Balanced politeness strategy
Crawlers can search faster and deeper than humans, so they can bring down a site. There is no need to say that a single crawler performs multiple requests per second and downloads large files. A server can also have a hard time responding to requests from multi-threaded crawlers.
As Koster (Koster, 1995) noted, the use of crawlers is useful for many tasks, but comes at a cost to the general community. The costs of using crawlers include:
network resource: A crawler works in parallel using a comparable bandwidth height over a long period of time.
server overload: Especially when access to a given server is high.
a poorly quality crawler may bring down the server or router, or attempt to download a page that it cannot handle.
personal crawler, which may block the network or server if used by too many people.

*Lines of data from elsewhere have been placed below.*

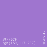 Цвет #9F75CF в цветовой модели RGB обозначается тремя октетами (159, 117, 207) в десятичном формате и #9F75CF в шестнадцатиричном (hex) формате, которые являются интенсивностью красного 159 (hex 9F), интенсивность зелёного 117 (hex 75) и интенсивность синего 207 (hex CF).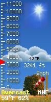 | 1 Rain season: Jan 1st to Dec 31st. 2 Snow season July 1st to June 30th. 3 Snow manually measured usually around 7AM and 7PM. 4 Updated at Noon. 5 Estimated amount of water needed to replace the water used by plants and evaporation from the past week. (Negative numbers mean amount of water needed, positive numbers mean excess water is present). 7 Leaf Wetness is surface moisture on foliage. 0 being totally dry and 15 being totally saturated. 8 Soil moisture and temperatures are from sensors burried in the ground at the levels specified. 9 Solar Index represents either an absolute scale of solar energy (W/m²) using the station’s recorded maximum or a percentage of computed theoretical solar maximum using the station’s location and time of day. These indices differ most when the sun is low on the horizon. The current scale is shown, and will toggle if it or the icon is clicked. 10 Historical average only to day 29 of just the month of April for this station since 2011. 11 Historical average rain this season to day 29 of April for this station since 2011. |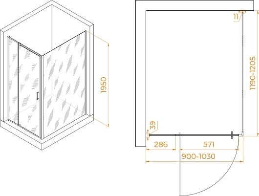 - Размеры с диапазоном регулировок (ШxГ): 900-1030 x 1190-1205 мм.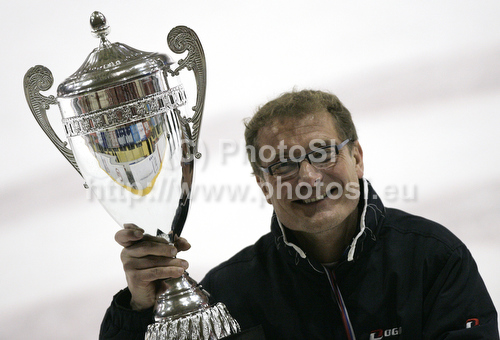 : Coach of HDD Tilia Olimpija, Hannu Jarvenpaa celebrating Slovenia Ice hockey National championships trophy after ice hockey match of Slovenian league finals 2011-2012 between HK Acroni Jesenice and HDD Tilia Olimpija. Match between HK Acroni Jesenice and HDD Tilia Olimpija was held on Monday, 2nd of April 2012 in Jesenice, Slovenia.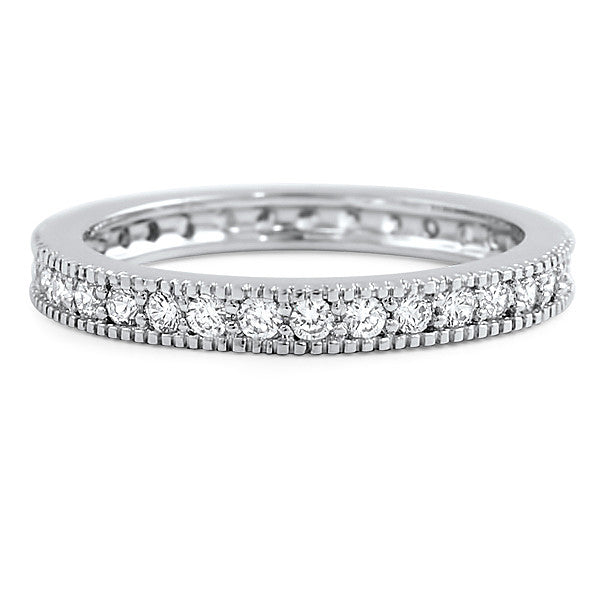 This simple and elegant band features Signity CZ stones throughout with nice texture on the edges. This gorgeous eternity band features Signity CZ stones hand set throughout. This ring is hand crafted out of 925 sterling silver. It has a lustrous rhodium finish that prevents tarnish and gives you the look and feel of white gold jewelry.

A partial solution to these problems is the Roaming Exclusion Protocol, also known as the robots.txt Protocol (Koster, 1996), which is a standard for administrators to indicate that part of a network server cannot be reached. The standard does not include recommendations for the interval between reaccessing a server, although the interval is the most effective way to avoid server overload. Recent commercial search software such as Ask Jeeves, MSN, and Yahoo can use an extra “crawl-delay” parameter in robots.txt to indicate the delay between requests.
The first suggestion for connection interval time was made by Koster in 1993, which was 60 seconds. At this rate, if a site had more than 100,000 pages, even if we had a perfect connection with zero latency and unlimited bandwidth, it would take two months to download the entire site, and only a fraction of the resources on this server would be available. This seems unacceptable.

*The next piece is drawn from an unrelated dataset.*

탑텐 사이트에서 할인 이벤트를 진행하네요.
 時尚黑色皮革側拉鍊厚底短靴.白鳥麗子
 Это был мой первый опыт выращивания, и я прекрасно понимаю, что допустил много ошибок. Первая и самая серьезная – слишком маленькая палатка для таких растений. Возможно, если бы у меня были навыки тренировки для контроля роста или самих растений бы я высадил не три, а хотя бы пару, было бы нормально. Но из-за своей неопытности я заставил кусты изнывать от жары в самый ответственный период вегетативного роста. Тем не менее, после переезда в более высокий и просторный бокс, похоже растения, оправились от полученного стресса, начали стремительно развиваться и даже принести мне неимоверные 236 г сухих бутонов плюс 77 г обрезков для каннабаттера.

Cho (Cho and Garcia-Molina, 2003) uses 10 seconds as the interval for access, and the WIRE crawler (Baeja-Yates and Castillo, 2002) uses 15 seconds as the default interval. MercatorWeb(Heydon and Najork, 1999) crawlers use an adaptive balancing strategy: if it takes T seconds to download a document from a certain server, the crawler waits 10t seconds before starting the next page. Dill et al. (Dill et al., 2002) uses 1 second.

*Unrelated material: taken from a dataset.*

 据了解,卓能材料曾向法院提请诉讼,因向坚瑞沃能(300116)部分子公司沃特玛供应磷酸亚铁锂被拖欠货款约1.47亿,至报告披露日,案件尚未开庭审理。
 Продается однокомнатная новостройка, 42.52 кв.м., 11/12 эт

For those using crawlers for research purposes, a more detailed cost-benefit analysis is necessary, and ethical considerations need to be taken into account when deciding which sites to crawl at and how fast to crawl.
Access records show that known crawlers have access intervals ranging from 20 seconds to 3-4 minutes. It is important to note that even if you are polite and take all security measures to avoid server overload, some web server administrators will complain. Brin and Page note that running a crawler on more than half a million servers generates a lot of mail and phone calls. That’s because there are millions of people online who don’t know what a reptile is because it’s the first time they’ve seen it. (Brin and Page, 1998)
The parallel strategy
A parallel crawler is one that runs multiple processes in parallel. Its goal is to maximize download speed while minimizing the overhead of parallelism and downloading duplicate pages. In order to avoid downloading a page twice, the crawler system needs a strategy to deal with the newly discovered URL during crawler running, because the same URL may be caught by different crawler processes.
A high-level architecture for web crawlers
As mentioned above, a crawler cannot only have a good grasping strategy, but also needs a highly optimized structure.
Shkapenyuk and Suel (Shkapenyuk and Suel, 2002) point out that: While it is easy to design a slow crawler that downloads several pages a second in a short time, designing a high-performance crawler that can download millions of pages in a few weeks presents many challenges in system design, I/O and network efficiency, robustness, and ease of use.
Web crawlers are at the heart of search engines, and the details of their algorithms and structures are treated as trade secrets. When the design of a crawler is released, there are always some details that are missing in order to prevent others from copying the work. There is also concern about “search engine spam”, which is mainly used to prevent major search engines from publishing their sorting algorithms.